Regardless of whether you speak Mandarin, Cantonese or just English, today is the ever-popular Chinese New Year or the new Lunar Year as today is also the first new moon of 2017. We have entered the year of the Rooster. This is doubly good news for everyone who has already broken their (solar) New Year’s resolutions – here is a new year to begin again!
Last year of the rooster (2005) brought a mixture of blessings.
- Pope John Paul II died and brought in the papacy of Pope Benedict XVI.
- Doctor Who returned to the BBC.
- London received the news that they would host the 2012 Olympics.
- London was re-initiated into the world of terror in the 7/7 attacks.
- That same day, my bitter divorce was finalized nearby in the city of Reading.
- I also bought first house all on my own and moved to the market town of Warminster.
What will this year of the rooster bring?
Catholicism in China
China has been an exceedingly difficult place to be Catholic for a very long time. The list of Chinese martyrs is lengthy and they have their own feast day on July the ninth. Even today, the Catholic church is barely tolerated and has no official ties to the Vatican. To quote Wikipedia:
Catholic Church in China (called Tiānzhǔ Jiào, 天主教, literally, “Religion of the Lord of Heaven”, after the term for God traditionally used in Chinese by Catholics) has a long and complicated history. Christianity has existed in China in various forms since at least the Tang Dynasty in the 8th century AD. Following the 1949 takeover by the Communist Party of China, Catholic and Protestant missionaries were expelled from the country, and the religion was vilified as a manifestation of western imperialism. In 1957, the Chinese government established the Chinese Patriotic Catholic Association, which rejects the authority of the Holy See and appoints its own bishops.
I would recommend reading the Wikipedia article rather than me trying to summarize something which is chock-full of information. But historically, China has always been suspicious of Europeans and the West… and missionaries from the 13th century to modern times have found this a difficult mission field accordingly.
The most recent mass martyrdom is known as the Boxer Persecution/Rebellion in 1900 during which between 25,000 and 30,000 Chinese Catholics plus 43 European missionaries died. This persecution was sanctioned by both the empress Tzu Chi and the local governor Yu Hsien.
“During the night of July 5, Yu Hsien’s soldiers appeared at the Franciscan mission and arrested the two bishops, two fathers and a brother, and seven Franciscan Missionaries of Mary. Five Chinese seminarians, and eight Chinese Christians who were employed at the mission were also apprehended. In prison they were joined by one more Chinese Christian who went there voluntarily.
Four days later, on July 9, 1900, all of them were taken before the tribunal of Yu Hsien, some of them being slashed with swords on the way. Yu Hsien ordered them to be killed on the spot, and an indescribable scene followed. The soldiers closed in on the prisoners, struck them at random with their swords, wounded them right and left, cut off their arms and legs and heads. Thus died the 26 martyrs of Taiyuanfu, martyrs of China”
*from: The Franciscan Book of Saints, ed. by Marion Habig, ofm.
In total, 120 Chinese Saints have been recognized.
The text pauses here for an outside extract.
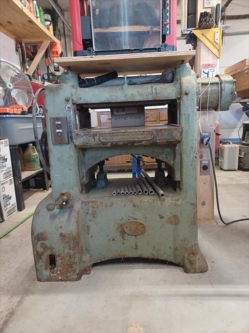 I acquired this machine from a defunct cabinet shop in Cape Girardeau, MO. It had pretty good bones and was mostly complete but the deeper I got into the project the more issues I discovered that really needed to be addressed and repaired. The major issues were rust, hairline fractures in some of the more delicate cast iron parts, and a remachined shaft for the Reeves Drive assembly that the manufacturer neglected to drill one of two grease ports that lubricated two needle bearings. This planer was refurbished during the period of November 2024 - November 2025. Please feel free to contact me at anthonymsowell@hotmail.com with questions about the specifics of this machine (i.e. belts, bearings, coatings, Variable Frequency Drive (VFD), methodology, etc.).

A good list of these can be found at SaintsCatholicBlogspot.
Patron Saints of China
Our Lady of Sheshan, (佘山聖母 )Our Lady of Luck, Our Mother (or Lady) of Zosé, Mother of China.
She is represented by two different statues:
Firstly, a 1924 statue based both on Mary Help of Christians and another reported apparition known as Our Lady (Queen) of China. There is an annual procession in honor of her.
More recently, a new statue was constructed in 2000 which (thanks to Pope Benedict XVI) has become known as Our Lady of Sheshan.
St. Francis Xavier
Francis Xavier’s role in China was primarily that of encouraging missionaries in China and Japan. Both countries found fierce resistance to Christianity forcing converts “underground” to develop their own, more secretive Catholic culture. Xavier is remembered in China though he never managed to make it to mainland China, dying of a fever on 3 December 1552, awaiting a boat to the mainland.
St Joseph, foster father of Jesus is also considered a patron saint of China.
2017 – Year of the Rooster
Regardless of what this year brings for you, it is worth remembering to pray for all the Christian souls in China, for whom “freedom of religion” is still a fairy tale. Let’s pray as well that the Chinese Catholic Church may, at last, be allowed to come into full communion with the Vatican.